5. Determine if the CSP has controls to evaluate third parties' secure data disposal methods from storage media.

6. Verify that industry-accepted methods for secure data disposal are defined and implemented, ensuring data is not recoverable by any forensic means.

7. Verify that data disposal techniques include secure deletion, overwriting, and physical destruction of storage media.

8. Verify compliance with relevant data protection laws and organizational policies throughout the data disposal process.

9. Verify the effectiveness of technical measures such as certified data wiping tools and secure destruction methods.

10. Verify that disposal methods align with industry standards (e.g., NIST SP 800-88) and specify appropriate techniques for different media types, such as cryptographic erasure for solid-state drives, degaussing or physical destruction for magnetic media, and secure overwriting where applicable.

3. Review evidence of implementation, including logs, certificates of destruction, or other documentation that confirms proper disposal of decommissioned media.

4. Assess whether disposal procedures address special handling requirements for high-capacity storage systems commonly used in AI workloads.

5. Verify that contracts with any third-party disposal services include appropriate security requirements and that certificates of destruction are obtained.

6. Examine staff training records on secure disposal procedures and confirm that personnel responsible for media handling have appropriate knowledge.

Standards mappings

ISO 42001Partial Gap
42001: A.4.3 Data Resources
42001: A.2.3 Alignment with other organizational policies
27001: A.7.10 - Storage media
27001: A.7.14 - Secure disposal or re-use of equipment
27001: A.8.10 - Information deletion
27002: 7.10 Secure reuse or disposal
27002: 7.14 - Secure disposal or re-use of equipment
27002: 8.10 - Information deletion
Addendum

ISO 42001 should cover 'ensuring data is not recoverable' the provision of the DSP-02 control.

EU AI ActPartial Gap
Article 10
Article 18
Addendum

Industry accepted methods specification for secure disposal.
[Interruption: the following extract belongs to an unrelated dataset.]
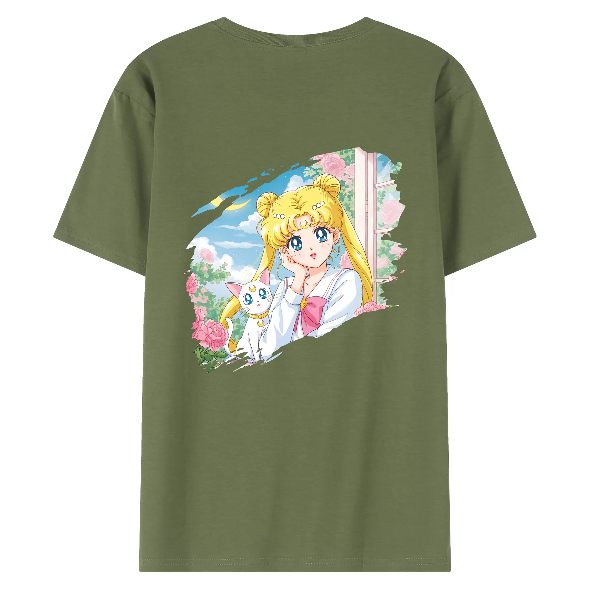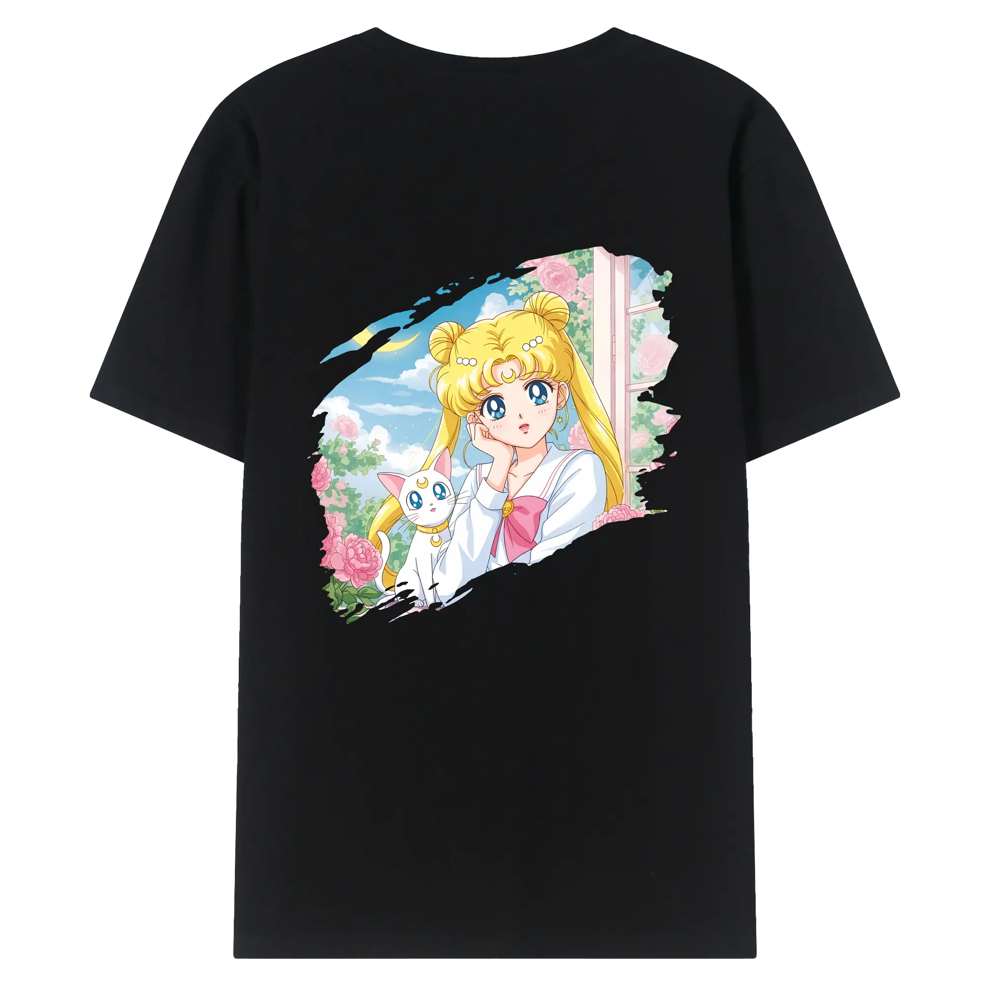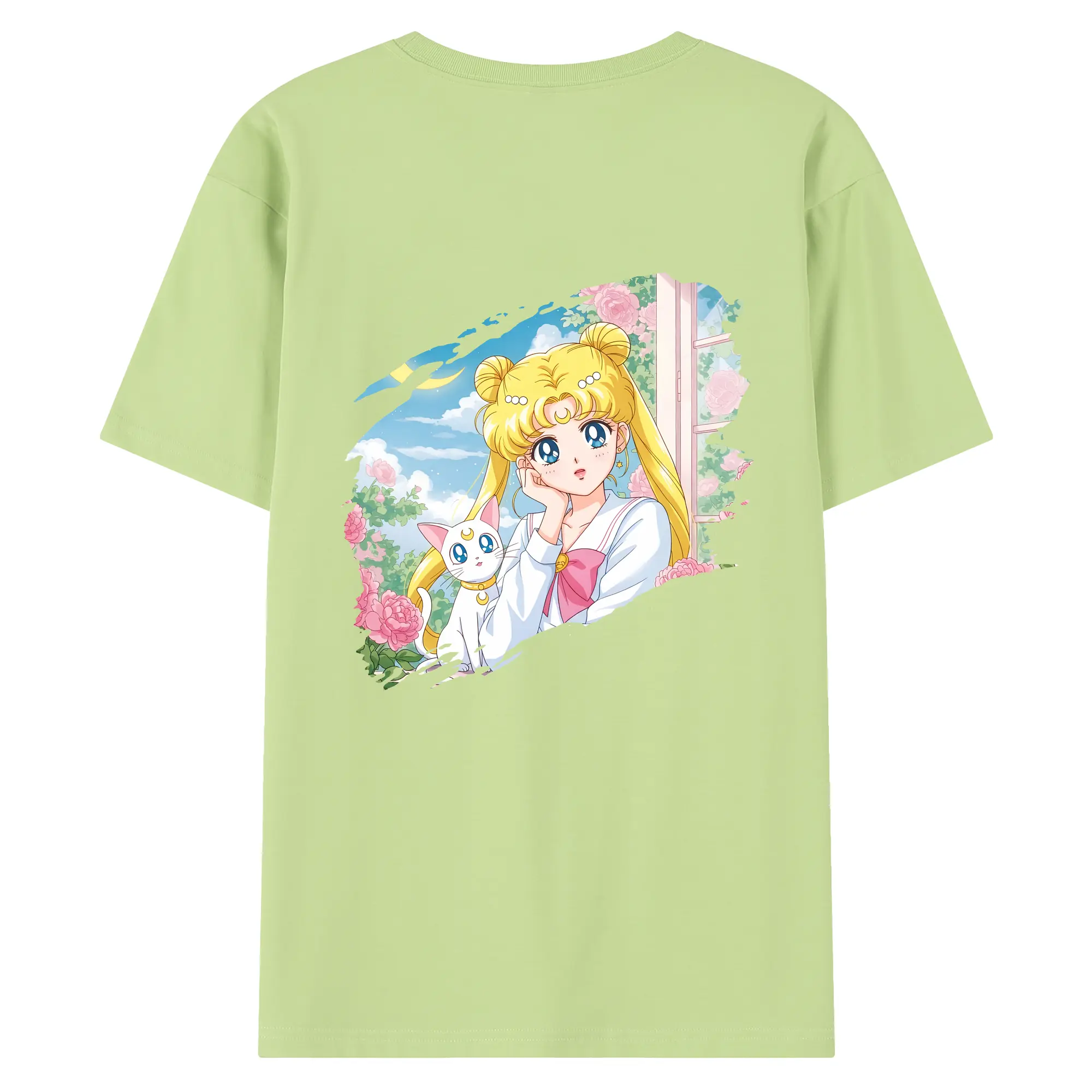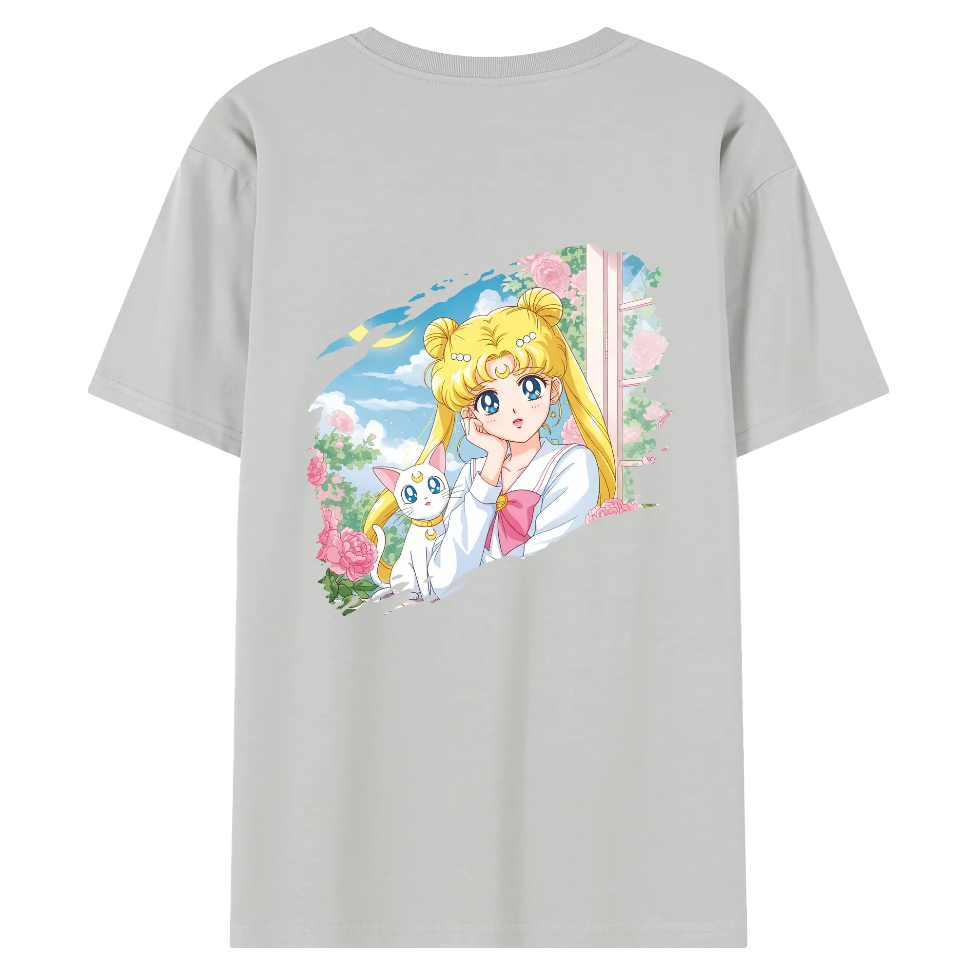 美少女戦士セーラームーン グッズ 月野 うさぎ - 綿100% 半袖Tシャツ ・ フロントプリント ・ 快適 通気性 ・ 日常使い 散歩 スポーツ用

Article 18 covers documentation keeping but lacks specific secure disposal requirements.

NIST AI 600-1Partial Gap
GV-1.7-002
Addendum

NIST AI 600-1 does not mention the DSP-02 topic of "data is not recoverable by any forensic means."

BSI AIC4No Gap
PI-03
Addendum

N/A

AI-CAIQ questions (1)

DSP-02.1

Are industry-accepted methods applied for securely disposing of data from storage media so that it is not recoverable by any forensic means?